AVAILABLE DATA:
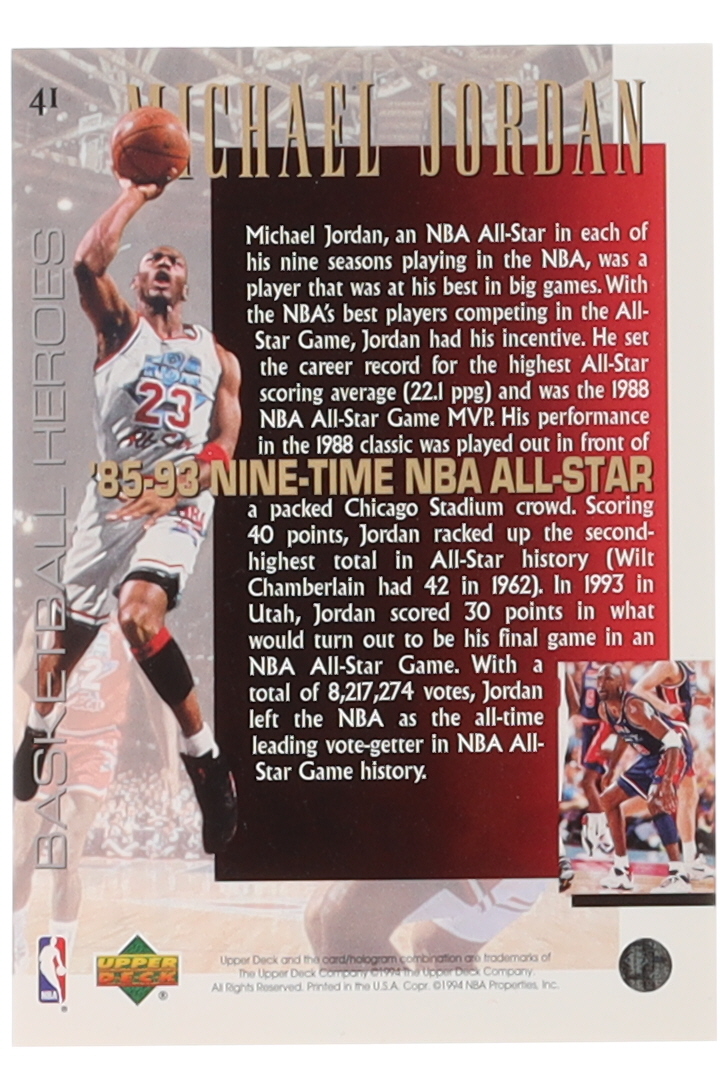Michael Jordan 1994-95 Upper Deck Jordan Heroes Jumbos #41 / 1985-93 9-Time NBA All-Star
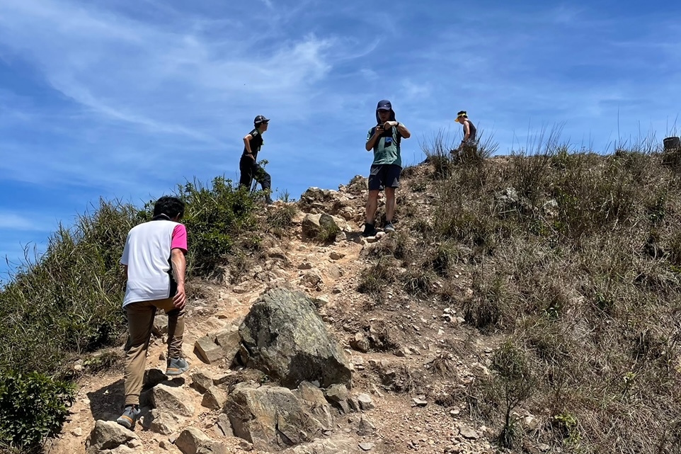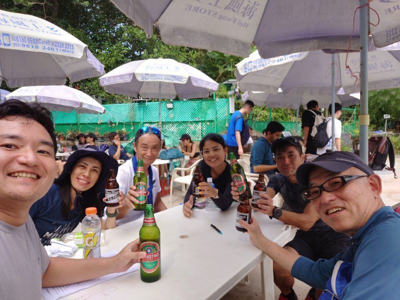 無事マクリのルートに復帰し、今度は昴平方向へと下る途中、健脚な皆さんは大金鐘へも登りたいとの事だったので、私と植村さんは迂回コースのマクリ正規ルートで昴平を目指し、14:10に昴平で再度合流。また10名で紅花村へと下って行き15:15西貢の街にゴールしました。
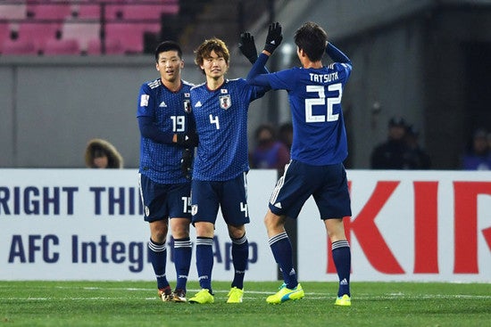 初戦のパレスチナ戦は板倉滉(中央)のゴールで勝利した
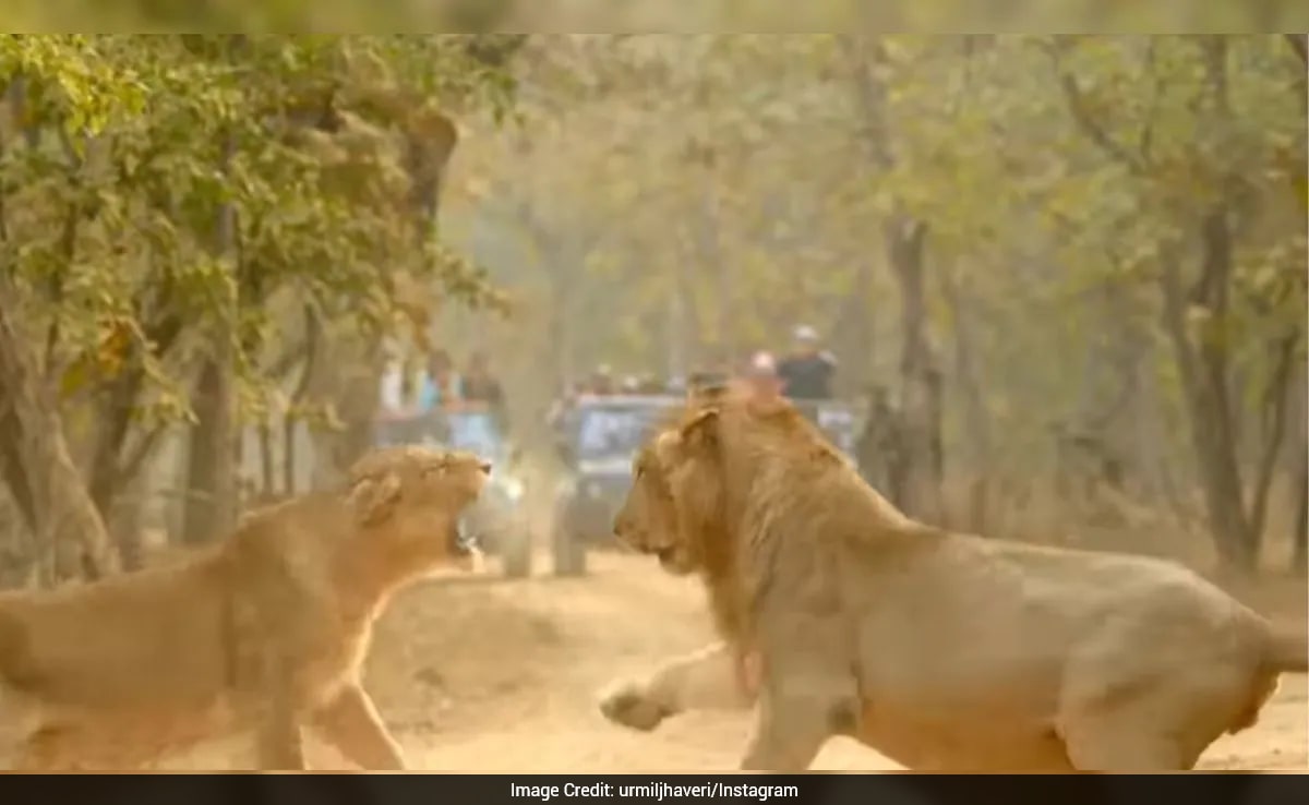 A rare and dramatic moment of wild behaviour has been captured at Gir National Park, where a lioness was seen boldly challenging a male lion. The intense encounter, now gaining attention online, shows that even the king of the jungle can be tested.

...

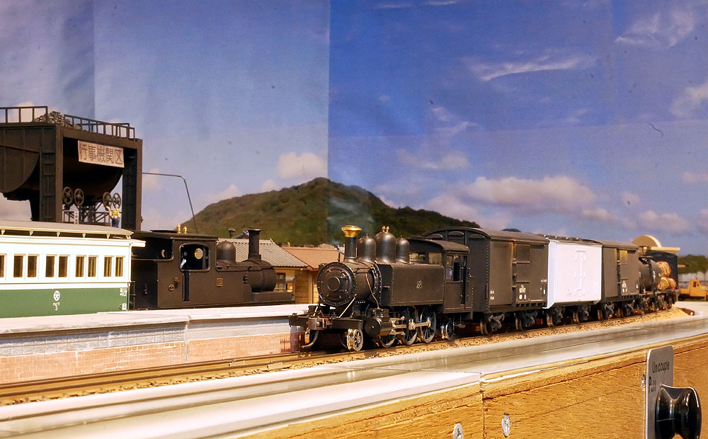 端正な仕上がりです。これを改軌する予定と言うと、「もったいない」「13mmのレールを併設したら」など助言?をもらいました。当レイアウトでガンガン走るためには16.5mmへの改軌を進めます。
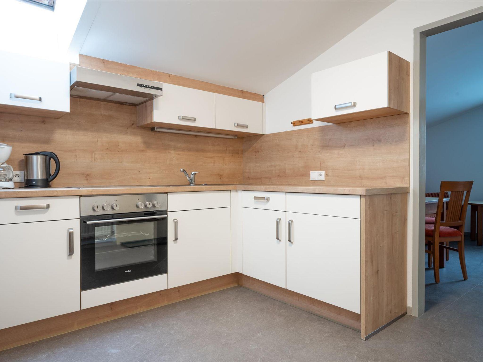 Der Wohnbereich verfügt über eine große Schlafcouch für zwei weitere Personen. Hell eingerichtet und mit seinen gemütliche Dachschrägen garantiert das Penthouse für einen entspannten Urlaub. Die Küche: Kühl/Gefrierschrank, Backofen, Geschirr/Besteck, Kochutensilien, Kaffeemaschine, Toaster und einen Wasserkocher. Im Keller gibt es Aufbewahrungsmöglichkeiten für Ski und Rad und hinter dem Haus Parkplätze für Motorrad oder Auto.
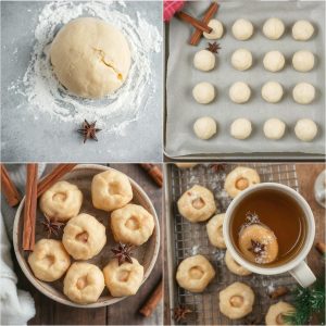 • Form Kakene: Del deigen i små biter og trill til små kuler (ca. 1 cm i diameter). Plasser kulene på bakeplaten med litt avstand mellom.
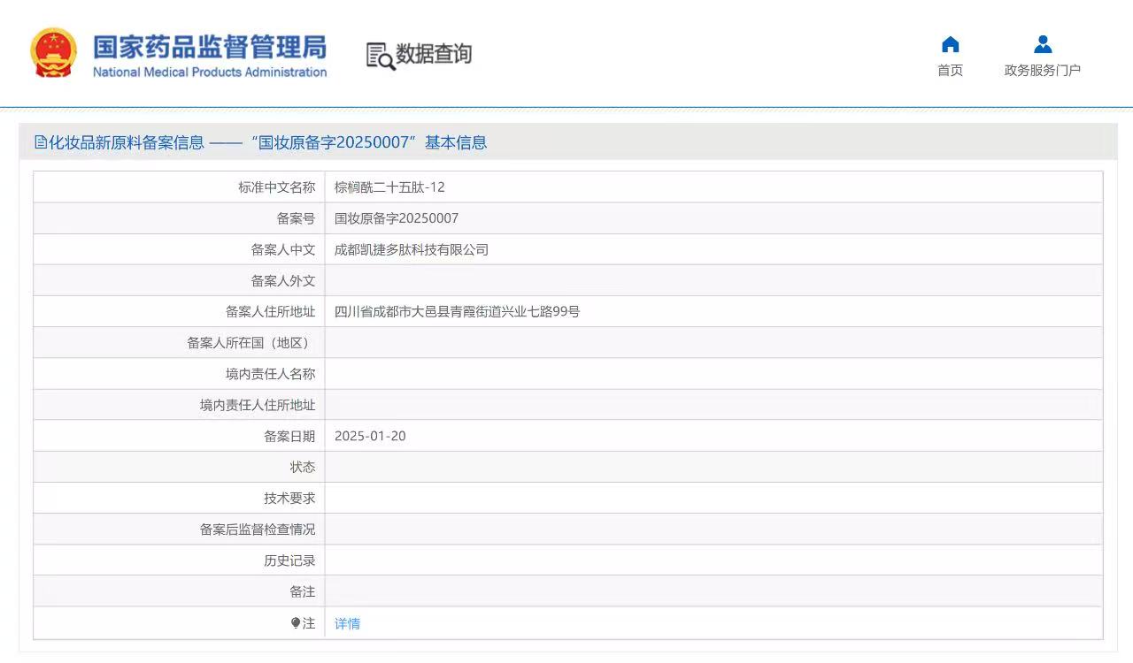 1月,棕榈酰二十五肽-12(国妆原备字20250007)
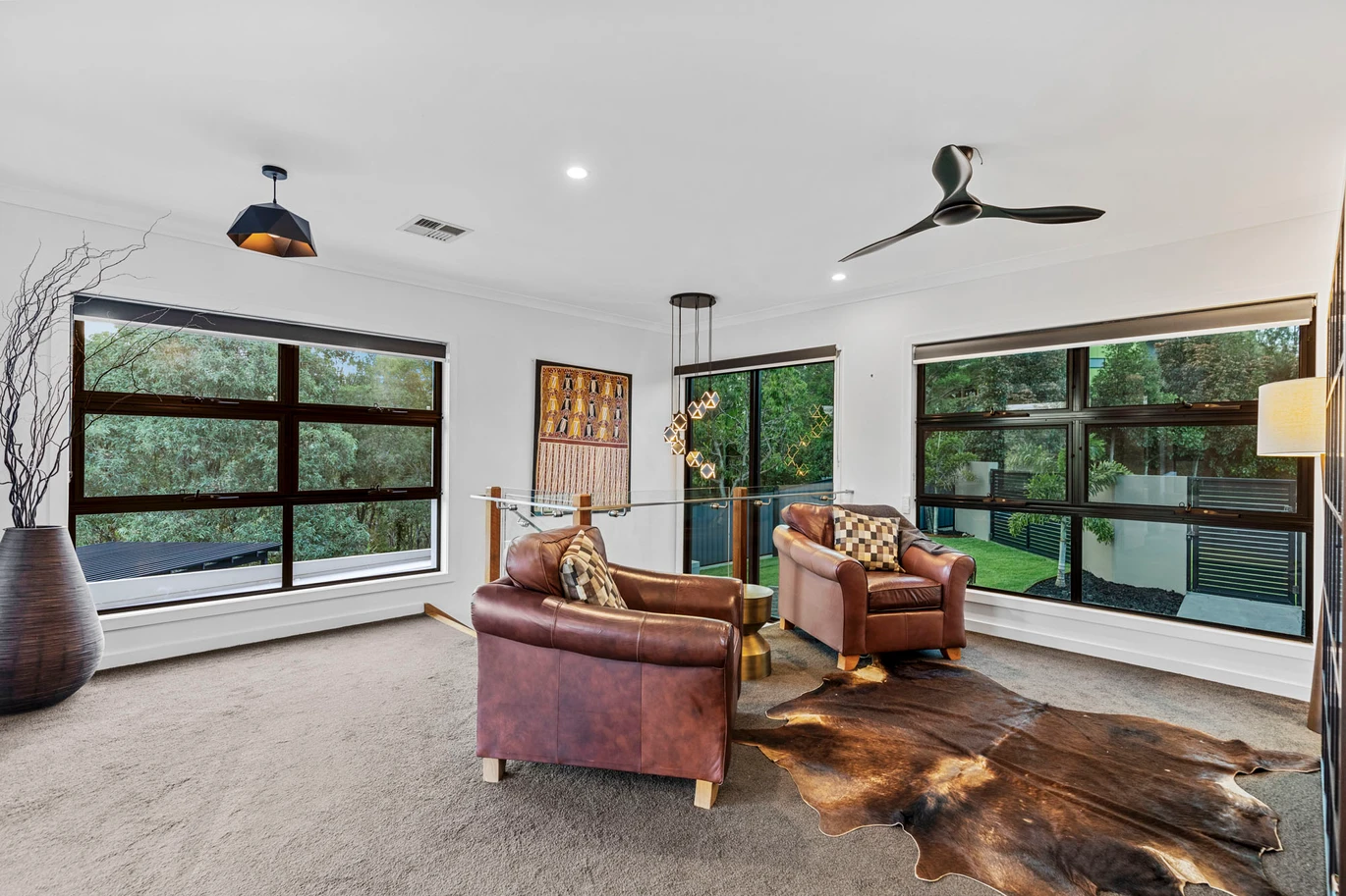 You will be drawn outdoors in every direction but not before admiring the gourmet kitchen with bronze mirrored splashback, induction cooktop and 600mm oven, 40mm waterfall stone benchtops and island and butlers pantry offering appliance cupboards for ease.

TASK STATEMENT:
With pictures omitted, repeat the entries above word for word from the line holding "litt avstand mellom." down to the line holding "You will be", keeping both of those lines.

EXERCISE ANSWER:
 • Form Kakene: Del deigen i små biter og trill til små kuler (ca. 1 cm i diameter). Plasser kulene på bakeplaten med litt avstand mellom.
 1月,棕榈酰二十五肽-12(国妆原备字20250007)
 You will be drawn outdoors in every direction but not before admiring the gourmet kitchen with bronze mirrored splashback, induction cooktop and 600mm oven, 40mm waterfall stone benchtops and island and butlers pantry offering appliance cupboards for ease.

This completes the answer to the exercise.